Goal of the exercise: The reply should contain the full listing exactly as written and no pictures at all.

Data section:
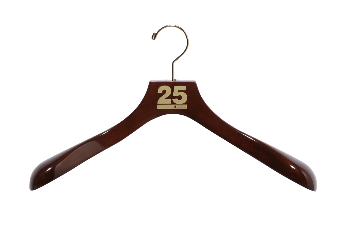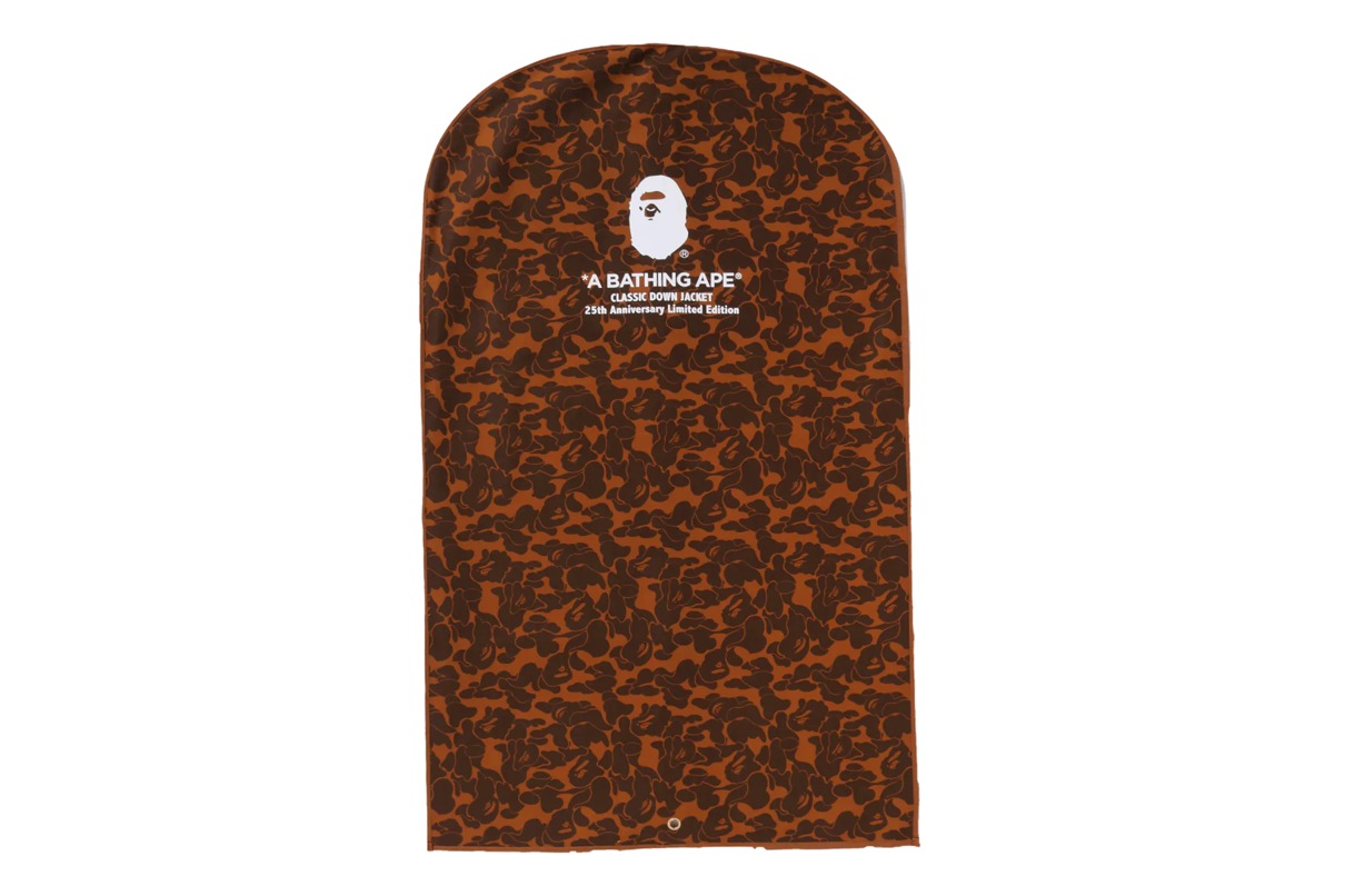 襟元には限定モデルであることを示す「25」の型押しレザーパッチと、一着ごとに異なるシリアルナンバーが刻まれ、特別なモデルであることを証明。付属するウッドハンガーにも25ロゴをあしらい、ガーメントバッグにはBAPE® CAMOを全面に配したデザインを採用、まさにコレクターズアイテムな逸品。
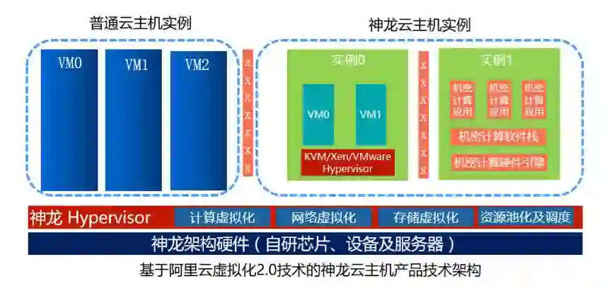 神龙云服务器不仅具有虚拟机的灵活性和弹性,同时具备物理机的一切特性和优势,因此也具备再次虚拟化的能力,线下的专有云均可无缝平移到阿里云上,而不用担心嵌套虚拟化带来的性能开销,为客户上云提供一种新途径。
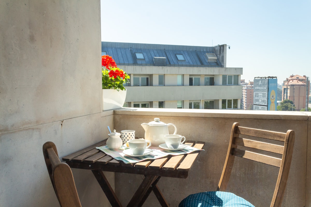 Velkomin (n) í björtu, opnu íbúðina mína á efstu hæð með frábæru útsýni yfir gömlu borgina í Portos, Douro-ána, hina frægu brú og portvínshúsin. Íbúðin mín er fullkomin fyrir tvö pör eða fjölskyldu (2 tvíbreið rúm) sem vilja stundum slaka á og elda kvöldmat heima hjá sér. Þegar börnin þín fara að sofa getur þú samt verið hluti af næturlífinu og notið útsýnisins af svölunum á meðan þú sötrar vínglas. Næg bílastæði við götuna en spurðu mig líka hvort bílskúrinn minn sé laus!

Exercise answer:
 襟元には限定モデルであることを示す「25」の型押しレザーパッチと、一着ごとに異なるシリアルナンバーが刻まれ、特別なモデルであることを証明。付属するウッドハンガーにも25ロゴをあしらい、ガーメントバッグにはBAPE® CAMOを全面に配したデザインを採用、まさにコレクターズアイテムな逸品。
 神龙云服务器不仅具有虚拟机的灵活性和弹性,同时具备物理机的一切特性和优势,因此也具备再次虚拟化的能力,线下的专有云均可无缝平移到阿里云上,而不用担心嵌套虚拟化带来的性能开销,为客户上云提供一种新途径。
 Velkomin (n) í björtu, opnu íbúðina mína á efstu hæð með frábæru útsýni yfir gömlu borgina í Portos, Douro-ána, hina frægu brú og portvínshúsin. Íbúðin mín er fullkomin fyrir tvö pör eða fjölskyldu (2 tvíbreið rúm) sem vilja stundum slaka á og elda kvöldmat heima hjá sér. Þegar börnin þín fara að sofa getur þú samt verið hluti af næturlífinu og notið útsýnisins af svölunum á meðan þú sötrar vínglas. Næg bílastæði við götuna en spurðu mig líka hvort bílskúrinn minn sé laus!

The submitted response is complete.